▶ Records for this exercise
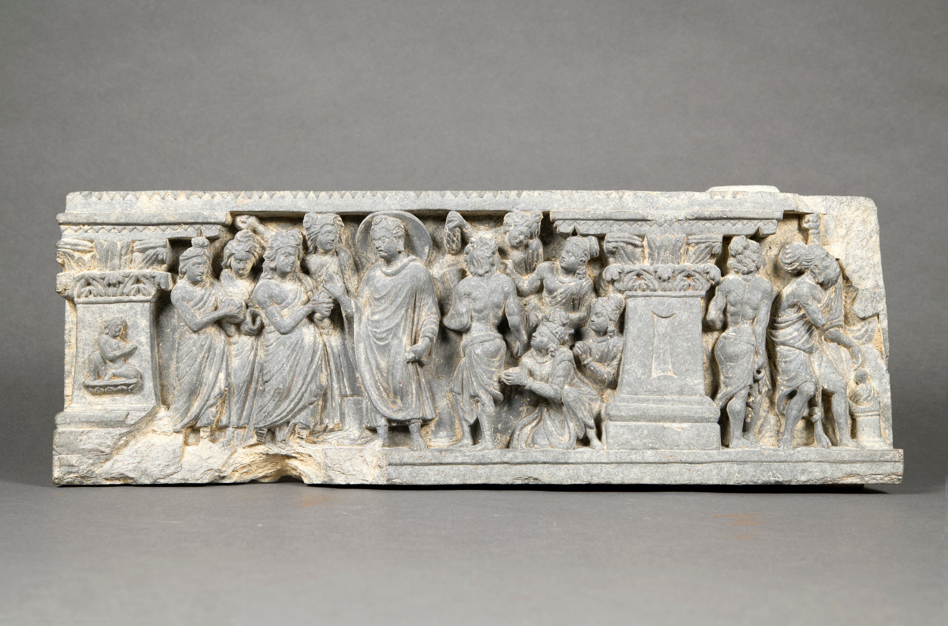 現在のパキスタン北西部を中心とするガンダーラ地域には、ギリシアやローマ、そしてペルシアといった西方の文化が絶えずもたらされました。この地域の仏教も強くその影響を受け、仏教美術の中にも西方の神々の姿を見つけることができます。今回の特集展示では、前2世紀~後5世紀頃のガンダーラや中央アジアに認められる西方の要素を取り上げ、当時の仏教を発展させた多様な文化的土壌を紹介します。
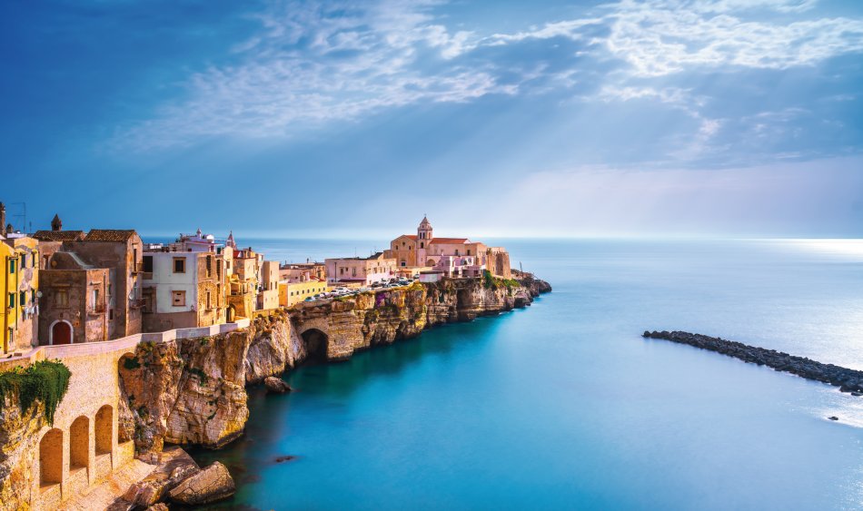 Nach dem Frühstück fahren wir durch die herrliche Gegend des Adriatischen Mittelmeeres. Auf der rechten Seite können Sie die Ausläufer der Abruzzen sehen und zur linken begleitet uns immer das azurblaue Meer. Im Laufe des Nachmittags erreichen wir das Gargano-Gebiet. Diese Region Apulien-Gargano gehört zu den schönsten in ganz Italien. Sie werden fasziniert sein vom kristallklaren Meer und seinen wirklich sehenswerten Buchten und einer traumhaften Landschaft. Vieste, auch Königin von Gargano genannt, wird unser Übernachtungsort sein. Vom 4*Hotel Degli Aranci aus, sind Sie in wenigen Gehminuten in der malerischen Altstadt mit den vielen Geschäften, Restaurants und Bars. Auch den Strand erreichen Sie in wenigen Schritten.
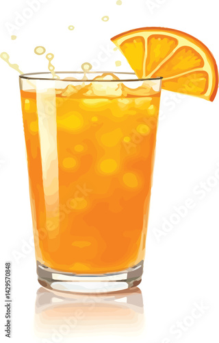 Refreshing orange juice with ice cubes and slice for healthy drink and summer beverage illustration design
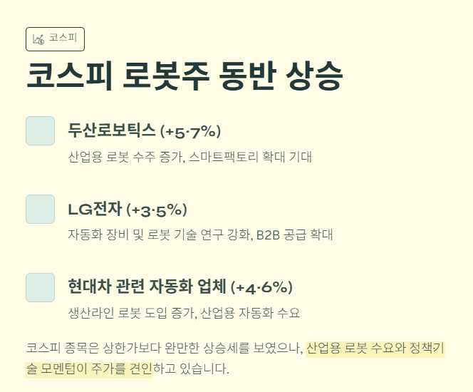 | 두산로보틱스 | +5~7% | 산업용 로봇 수주 증가, 스마트팩토리 확대 기대 |
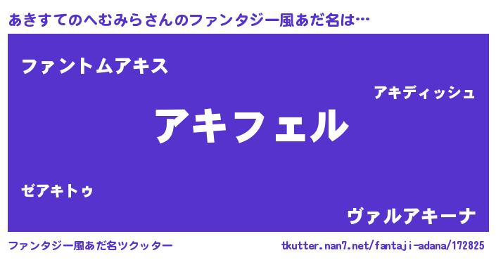 | 男性向けラノベタイトル風あだ名 | 『あきすてのへむみらの憂鬱』 |

▶ Your task
The entries above, every one of them, should be retyped exactly, with no pictures carried over.

▶ Written reply
 現在のパキスタン北西部を中心とするガンダーラ地域には、ギリシアやローマ、そしてペルシアといった西方の文化が絶えずもたらされました。この地域の仏教も強くその影響を受け、仏教美術の中にも西方の神々の姿を見つけることができます。今回の特集展示では、前2世紀~後5世紀頃のガンダーラや中央アジアに認められる西方の要素を取り上げ、当時の仏教を発展させた多様な文化的土壌を紹介します。
 Nach dem Frühstück fahren wir durch die herrliche Gegend des Adriatischen Mittelmeeres. Auf der rechten Seite können Sie die Ausläufer der Abruzzen sehen und zur linken begleitet uns immer das azurblaue Meer. Im Laufe des Nachmittags erreichen wir das Gargano-Gebiet. Diese Region Apulien-Gargano gehört zu den schönsten in ganz Italien. Sie werden fasziniert sein vom kristallklaren Meer und seinen wirklich sehenswerten Buchten und einer traumhaften Landschaft. Vieste, auch Königin von Gargano genannt, wird unser Übernachtungsort sein. Vom 4*Hotel Degli Aranci aus, sind Sie in wenigen Gehminuten in der malerischen Altstadt mit den vielen Geschäften, Restaurants und Bars. Auch den Strand erreichen Sie in wenigen Schritten.
 Refreshing orange juice with ice cubes and slice for healthy drink and summer beverage illustration design
 | 두산로보틱스 | +5~7% | 산업용 로봇 수주 증가, 스마트팩토리 확대 기대 |
 | 男性向けラノベタイトル風あだ名 | 『あきすてのへむみらの憂鬱』 |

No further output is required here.